Records:
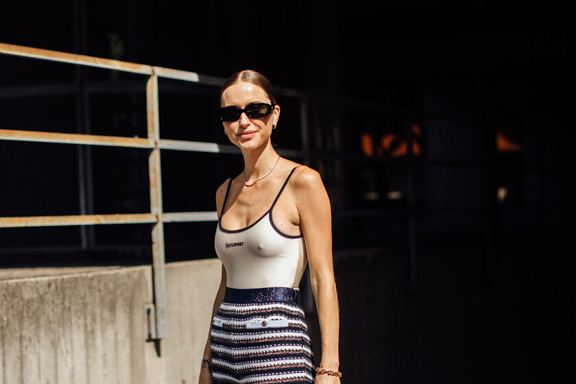 Combinar unas sandalias blancas o negras resulta muy fácil, pero cuando entran en juego unas en tono azul cielo no lo tenemos tan claro. En esta propuesta veraniega, los pantalones de punto son una opción acertada para cualquier día de la semana. Además, al ser tan versátiles podremos llevarlos con un body efecto bañador (para ir al chiringuito o, simplemente, dar un paseo fresquitas) o con un top de punto similar para crear un outfit más equilibrado y casual ideal para ir al mercado o a tomar un aperitivo con amigas.
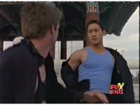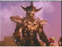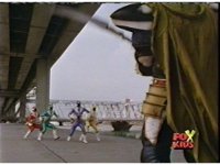 Memorase lowers his staff and talks, then notices the four Rangers on the scene. |
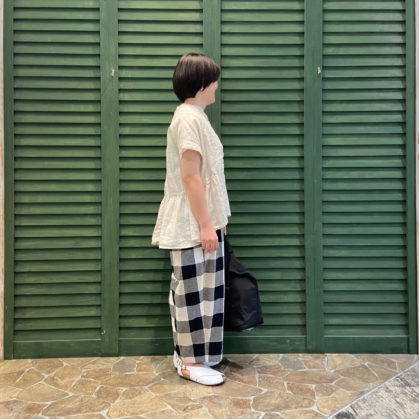 小柄な方はパンツのゆるさや長さを活かして、フルレングスのパンツのようにダボっと履くのがオススメです
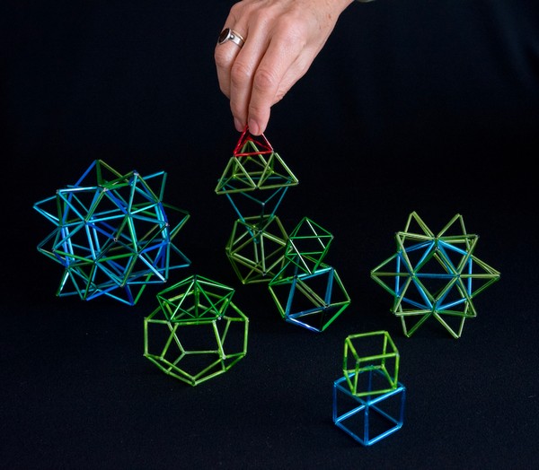 Pareciera que una vez construidos los cinco sólidos platónicos... ya está! y sigues un camino que te lleva a mas (como cantidad). Siento que no es asi. Una vez has descubierto estas cinco maravillosas formas has entrado en el mundo infinito que ellas encierran, siempre vuelves a ellas y te invitan a viajar entre LA UNIDAD Y LA MULTIPLICIDAD.
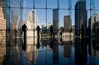 Een uniek tijdsbeeld, gefotografeerd in New York Winter Garden Atrium. De bezoekers in silhouet kijken uit over de werkzaamheden op Ground Zero. De plek waar voorheen de Twin Towers stonden. Het uitzicht met de wolkenkrabbers op de achtergrond, zoals hier is getoond, is nu niet meer te zien door het herrijzen van de nieuwe Freedom…
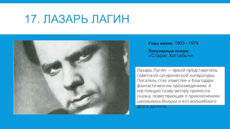 Лагин — яркий представитель советской сатирической литературы. Писатель стал известен
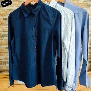 COD 0692 CAMISA SOCIAL MASCULINA TAM P EM ALGODÃO NAS CORES AZUL MARINHO LISTRADA AZUL
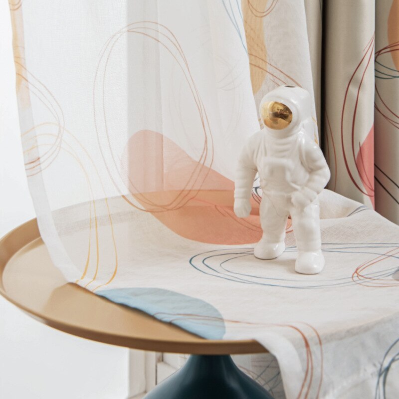 - Istruzioni per la cura: Scuoti o aspira delicatamente le Tende regolarmente. Lava con un ciclo delicato se necessario e appendile umide per evitare pieghe. Evita l’esposizione prolungata al sole per mantenere i colori..
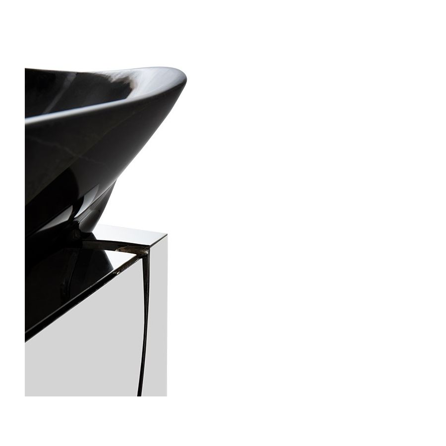 Structure: Wood; Outside: Black lacquered, High gloss varnish; Base/Inside: Gold leaf; Sink/Cover: Black lacquered glass; Water drainage: Wall
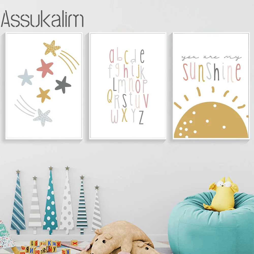 Абс плакат с алфавитом, Скандинавская живопись, солнце, звезда, принт, Детская Настенная картина, рисунок на холсте, радуга, художественные картины, украшение детской комнаты
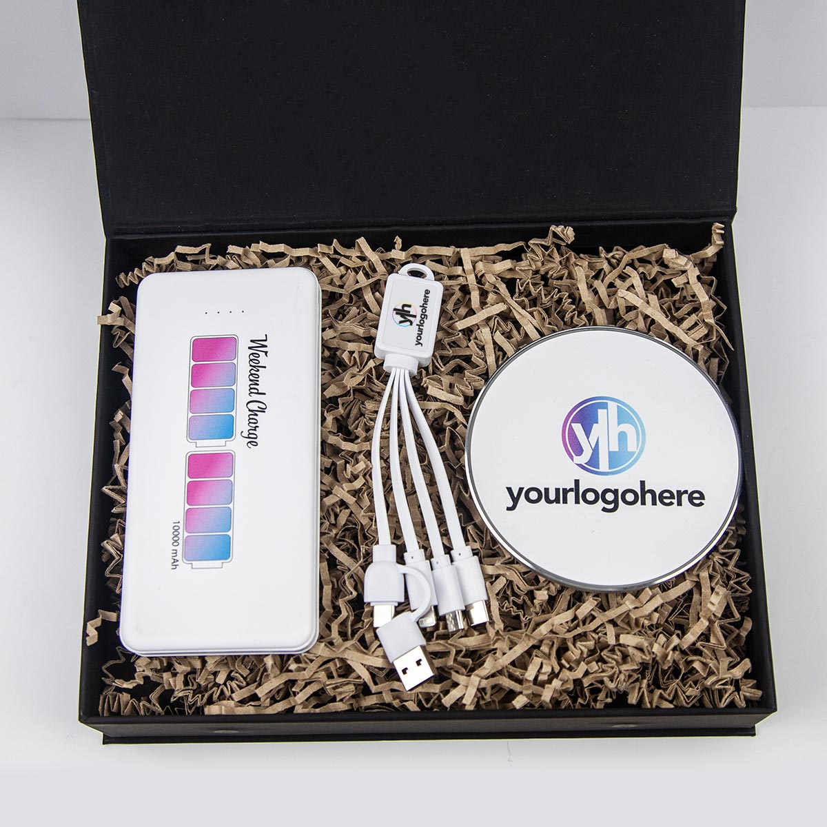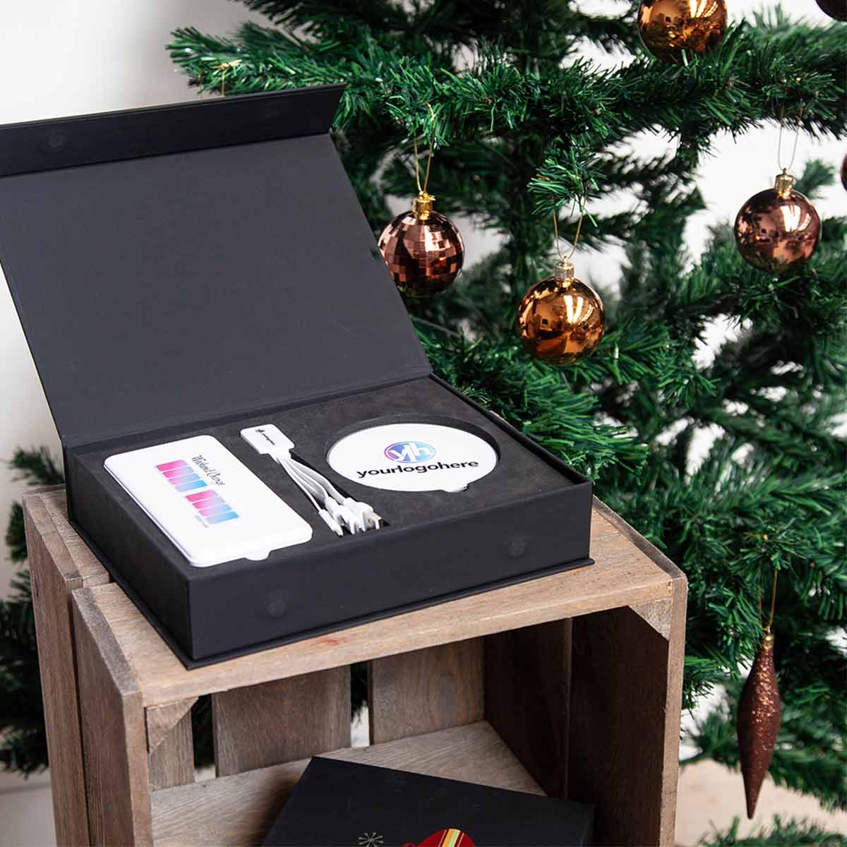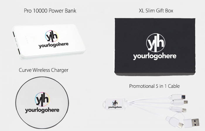 Perfect for corporate events, both the presentation box itself and each charging product can be printed with a company logo in full-colour digital print, allowing for a bold and seamless end result.
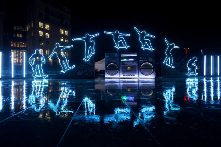 Cette photographie montre une installation créée par l’artiste visuel Remy Bergeron en hommage à 40 ans de skateboard à Lyon.

What is expected: Your answer must be everything above from the line with "Een uniek tijdsbeeld, gefotografeerd" down to the line with "COD 0692 CAMISA", word for word, and no pictures.

Solution to the problem:
 Een uniek tijdsbeeld, gefotografeerd in New York Winter Garden Atrium. De bezoekers in silhouet kijken uit over de werkzaamheden op Ground Zero. De plek waar voorheen de Twin Towers stonden. Het uitzicht met de wolkenkrabbers op de achtergrond, zoals hier is getoond, is nu niet meer te zien door het herrijzen van de nieuwe Freedom…
 Лагин — яркий представитель советской сатирической литературы. Писатель стал известен
 COD 0692 CAMISA SOCIAL MASCULINA TAM P EM ALGODÃO NAS CORES AZUL MARINHO LISTRADA AZUL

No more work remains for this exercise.